▶ SOURCE MATERIAL:
= = = = = = =
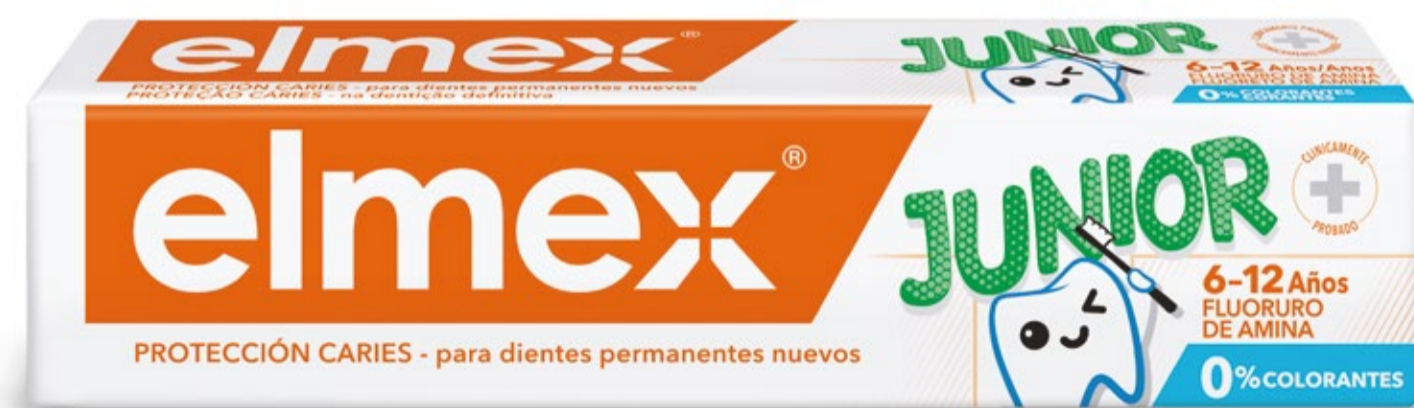
Dentífrico elmex® JUNIOR 75ml C.N.: 155686
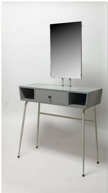
Afbeelding 1: Inv.nr. 511. Toilettafel nr. 670 'Louise'. Ontworpen door Willem Gilles voor de fabriek Rademaker Winschoten (RAWI).

Praat hierover mee tijdens de waardering van dit ensemble op woensdag 15 mei om 14.00 uur.
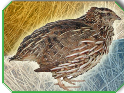
European Quail ובלשון לאטיין Coturnix Coturnix

שאכלו בבערלין בקהלתו של הרב הילדעסהיימער ובעל המחבר מלמד להועיל, ובפרט שיש הרבה עופות הדומים לעוף זה שצריך לזה דקדוק גדול שאין לסמוך על סתם אנשים ולא נחשב זה מסורת ואין לשוחטם, ואף אם היתה
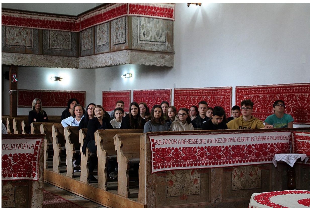
Látogatás a körösfői református templomban
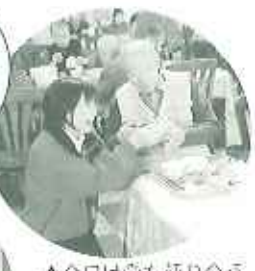
▲今日は愛を語り合う大切な日♡
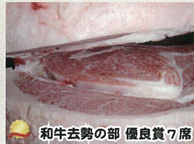
和牛去勢の部 優良賞7席

父：美津照重 母の父：勝忠平 性別：去勢 枝肉重量： 575 kg ロース芯： 110 cm 2 バラ厚： 9.4 cm BMSNo.1 2 格付：A 5
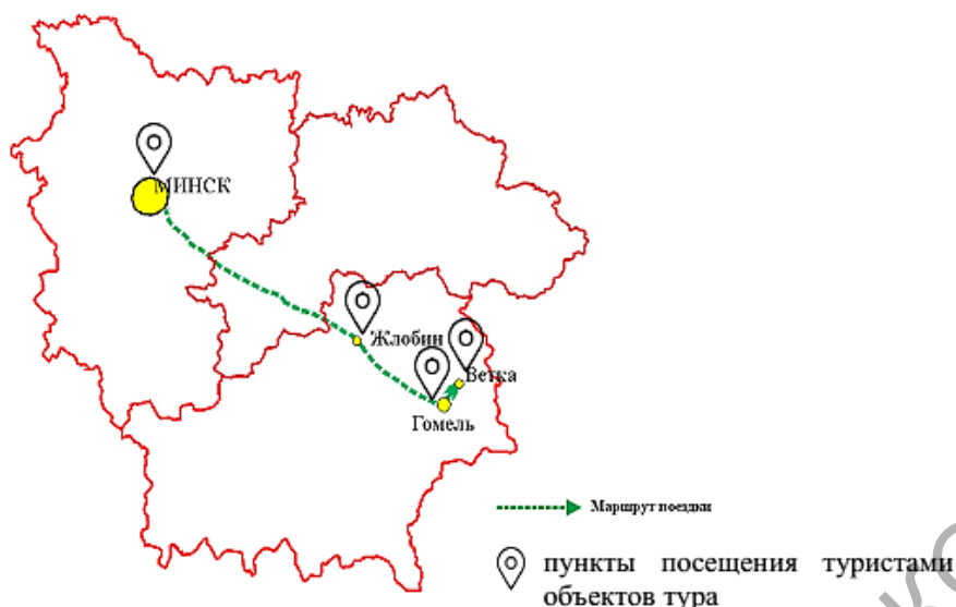
Маршрут ремесленного тура «Залатыя кросны» (рисунок 3).
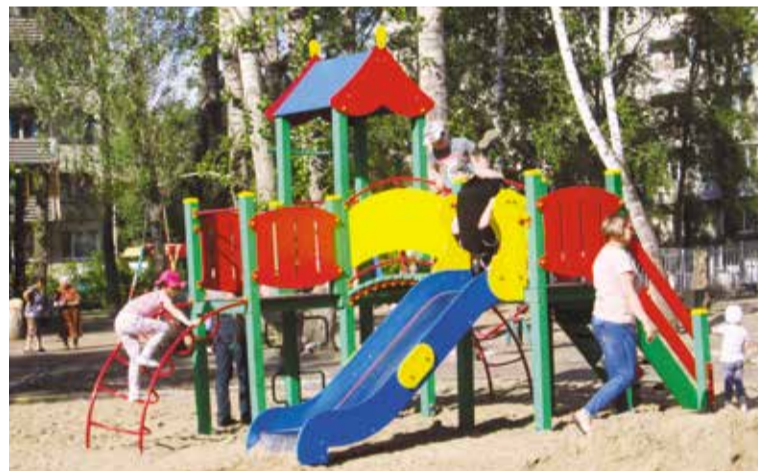
В дополнение к существующему детскому комплексу будут установлены силовые тренажеры

Уже сегодня центр двора украшает новый красивый игровой комплекс для детворы. Работ предстоит провести немало – территория большая. Торжествен-
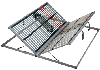
Abb. Classic 28 Side Lift rechts und Classic 28 Side Lift links Rechts oder links über die gesamte Länge hochklappbar mittels Gasdruckfeder.
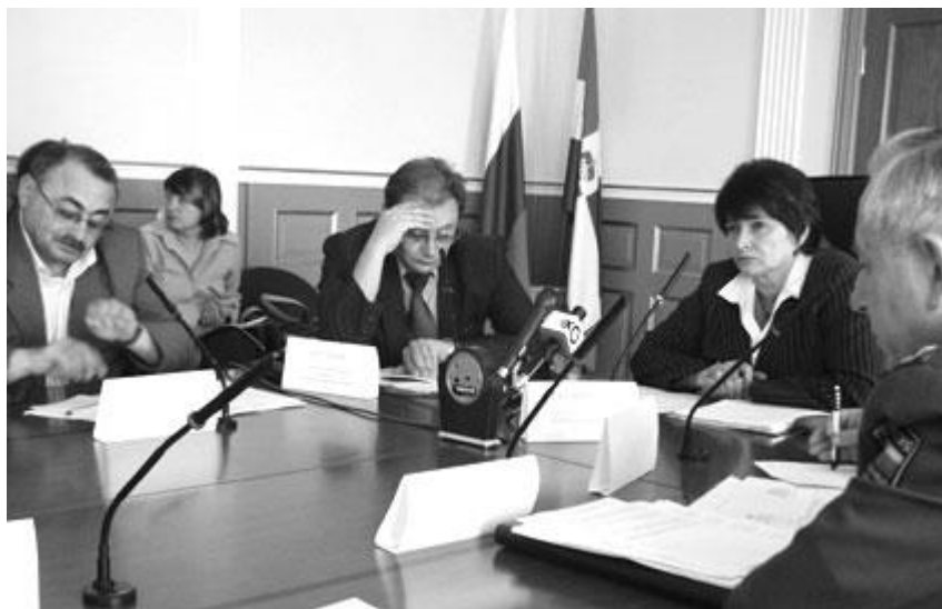
Круглый стол “Проблемы защиты прав военнослужащих и призывников” Август 2005 год

Присвоение военными комиссариатами полномочий призывных комиссий. Одной из основных проблем в сфере призыва на военную службу является присвоение военными комиссариатами полномочий, возложенных законом на призывные комиссии, которые являются гражданскими структурами. Военные комиссариаты незаконно возлагают на себя несвойственные им по закону функции и полномочия, которые входят в компетенцию призывных комиссий, что, в конечном счёте, ведет к нарушению прав граждан.
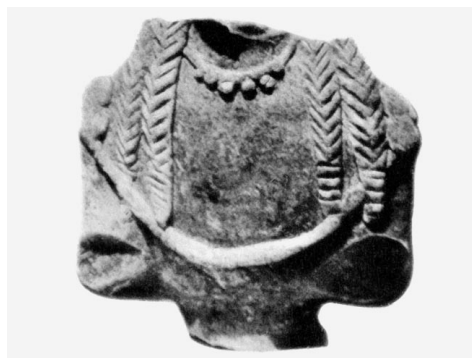
Fig. 13: GÀBRICI 1927, tav. XXXVII, 7.
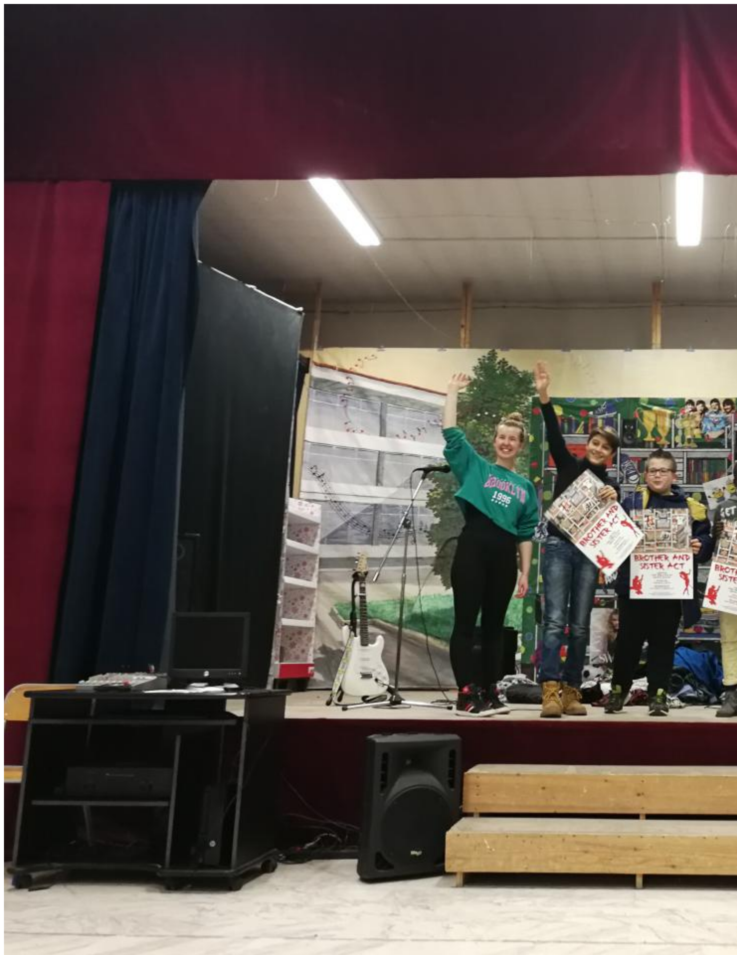
Anche quest'anno, come ogni anno, la nostra scuola ha ospitato la compagnia teatrale Action Theatre
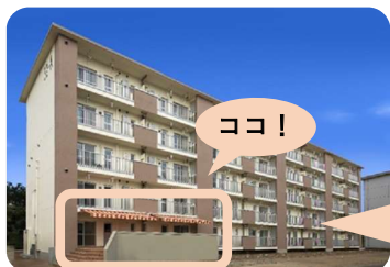
(地域開放スペースの様子)
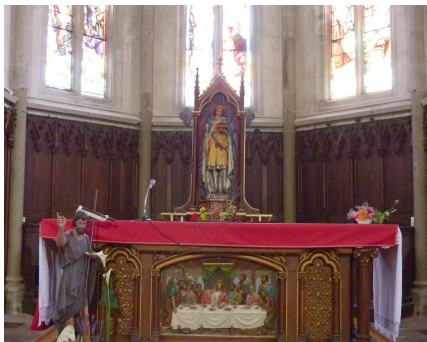
Saint-Louis, placé derrière l'autel.

La cotisation annuelle est de 12 euros. Il est possible d'adhérer à l'association dès maintenant.
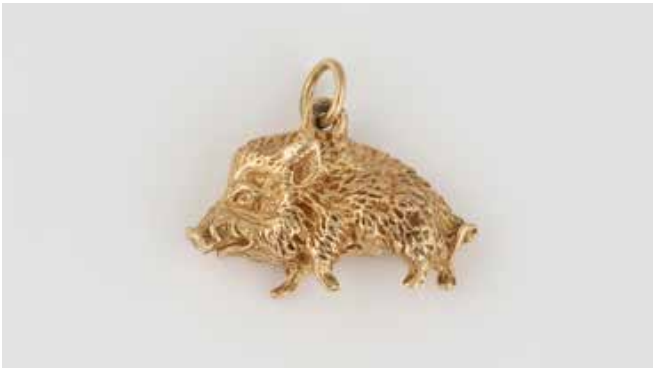
486 | ANHÄNGER ‚WILDSCHWEIN‘ Gelbgold. 2,0 x 2,4 cm, Ges.-Gew. ca. 9,1 g. Gest. 585. Vollplastische Ausführung. € 350,-
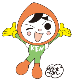
人権イメージキャラクター 人KENまる君
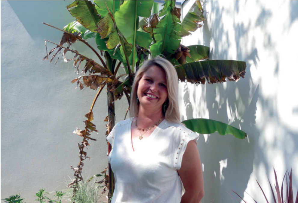
Au miroir de Mélanie - aumiroirdemelanie@gmail.com - 06 87 40 21 70
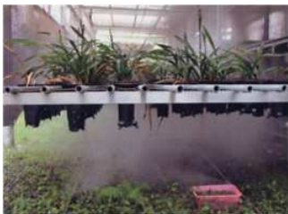
フラワーショップで
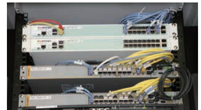
センター病院のサーバーラームに設置されたFortiGate

無線AP(アクセスポイント)を制御できる製品を中心に検討を開始。医療関係の展示会に出展されていたフォーティネットのワイヤレスソリューションの説明を聞いて「双星会の要件に最適」と納得したという。
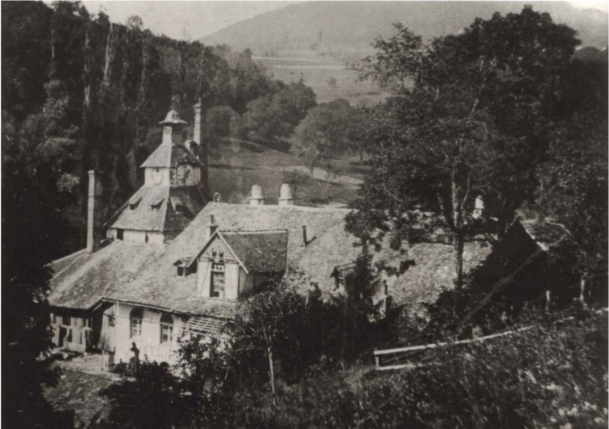
Quelques décennies plus tard. Le photographe a remplacé le dessinateur ou graveur.
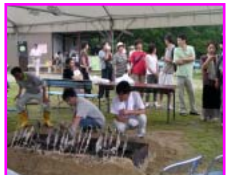
【 イワナの塩焼き 】
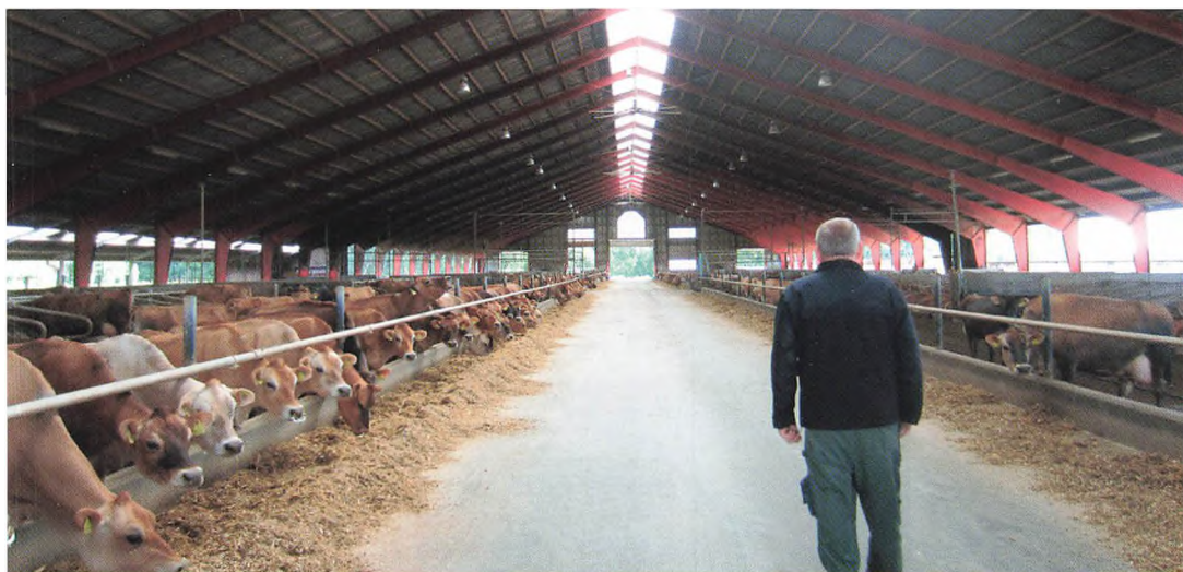
▲ 1000+ Jerseykøer med lucerne og majs på foderbordet

græskarplanter under fiberdug, som afsættes til Dansk Supermarked, med en stadig voksende efterspørgsel. Slutteligt var der rundvisning i jordbærmarkerne, hvor plukkesæsonen så småt var i gang, og der var rig mulighed for at smage på de dejlige danske jordbær.
= = = = = = =
Leaving out each picture, repeat exactly the lines above from the one that contains "European Quail ובלשון" through the one that contains "和牛去勢の部 優良賞7席".

▶ TASK OUTPUT:
European Quail ובלשון לאטיין Coturnix Coturnix

שאכלו בבערלין בקהלתו של הרב הילדעסהיימער ובעל המחבר מלמד להועיל, ובפרט שיש הרבה עופות הדומים לעוף זה שצריך לזה דקדוק גדול שאין לסמוך על סתם אנשים ולא נחשב זה מסורת ואין לשוחטם, ואף אם היתה
Látogatás a körösfői református templomban
▲今日は愛を語り合う大切な日♡
和牛去勢の部 優良賞7席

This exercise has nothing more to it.